Adjustable parameters such as maximum token count and temperature for creative or focused outputs.
Stream or chunk outputs for efficient processing of large text generations.

Text-to-Image Generation:

Generate coherent and relevant images based on user-provided prompts.
Supports differnt types of parameters for different-different models.
Adjustable parameters such as guidance_scale and strength for creative or focused outputs.

Automatic Speech Recognition (ASR):

Transcribe audio files into text using cutting-edge models like Whisper-large-v3.
Supports both transcription and translation tasks from audio.
Handles different file formats and audio quality variations.

Text-to-Speech (TTS):

Convert written text into human-like speech.
Choose from multiple voices (e.g., "Aura") for customized audio outputs.
Save generated speech files locally in formats like .mp3 for easy playback.
Ideal for accessibility tools, virtual assistants, or voice-driven applications.

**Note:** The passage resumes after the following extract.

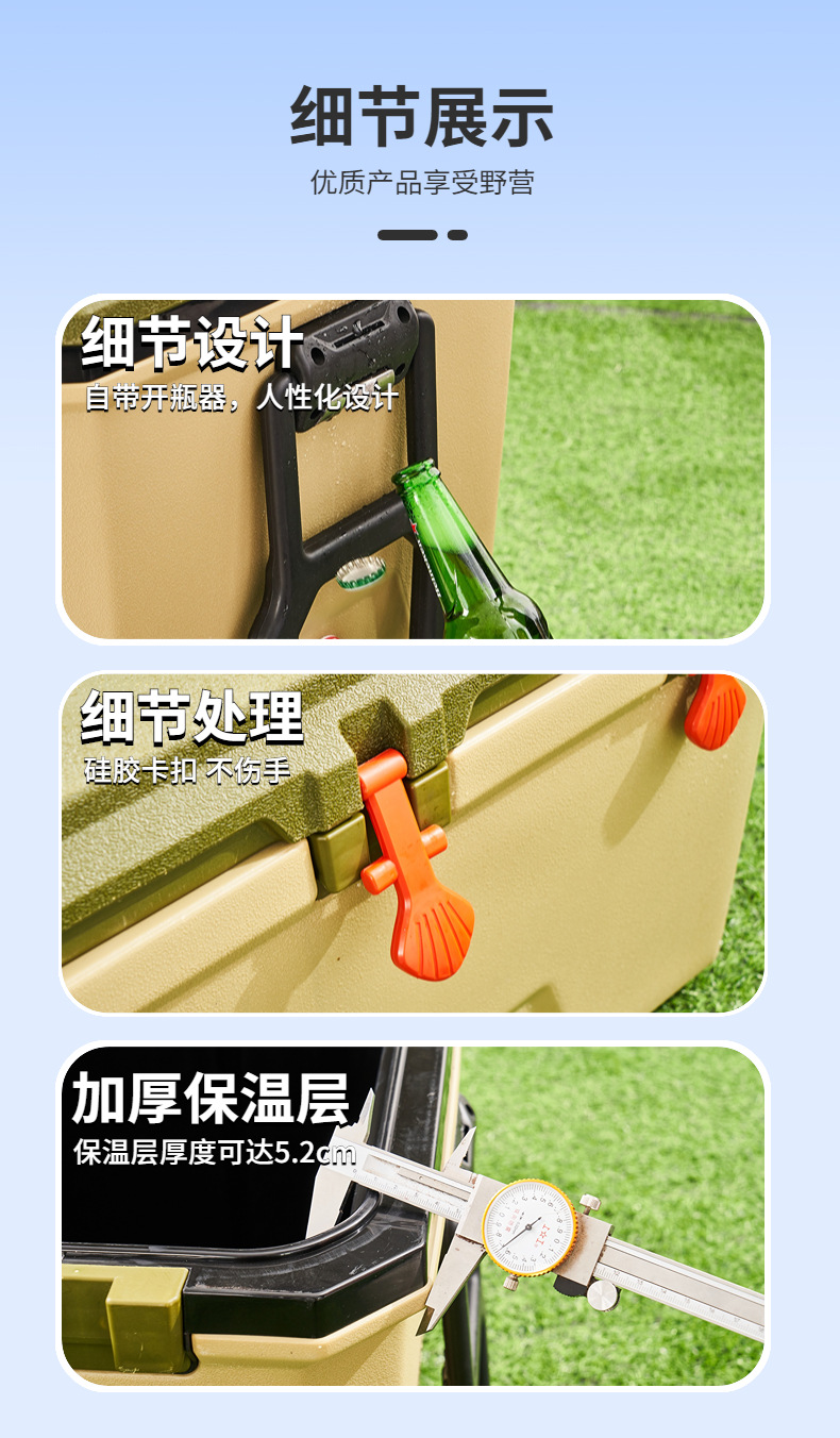[cross-border hot selling] 68l green-handle type [high-equipped full six-sided pu] cold preservation for 72 hours [including 500ml ice box 2

Zero-Shot Image Classification:

Classify images into categories that the model has not explicitly been trained on.
Leverages models like Clip-vit-base-patch32 to perform image classification tasks with no prior training data.
Highly flexible for classifying images in industries such as healthcare, manufacturing, and e-commerce.

API Interaction:

Simplifies the process of interacting with DeepInfra’s API.
Offers customizable model parameters, allowing users to tailor results for different use cases.
Supports bearer token authentication for secure access to DeepInfra's services.

Model Listing:

List available models for each task (text generation, image generation, speech recognition, text-to-speech, image classification).
Helps users discover and choose the right model for their specific use case.

Modular Structure:

Organized into separate classes for each type of task (TextGeneration, ImageGeneration ASR, TTS, and ZeroShotImageClassification), allowing for easy integration and extension.
Clean, readable code that can be extended with additional tasks or model functionalities as DeepInfra expands its offerings.

Cross-Task Integration:

Use generated text from one task as input for another (e.g., generate text and convert it to speech).
Seamlessly combine various AI tasks to build complex AI-driven applications.

How It Can Help

This feature set makes the project versatile and powerful, ideal for developers who need to integrate advanced machine learning capabilities such as text generation, image generation, speech recognition, and image classification into their applications.

Requirements

Make sure you have the following Python packages installed:
os (part of Python’s standard library)
re (part of Python’s standard library)
json (part of Python’s standard library)
base64 (part of Python’s standard library)
random (part of Python’s standard library)
requests

You can install the required packages using pip:

pip install requests

Usage/Examples

from DeepInfra import DeepInfra

if __name__=="__main__":
    init = DeepInfra()
    # For Testing of TextGeneration
    print(init.TextGeneration().generate(message="Hello, How are you?", model="Meta-Llama-3.1-70B-Instruct"))

    print(init.TextGeneration().generate(message="Hello, How are you?", model="Meta-Llama-3.1-70B-Instruct", stream=True))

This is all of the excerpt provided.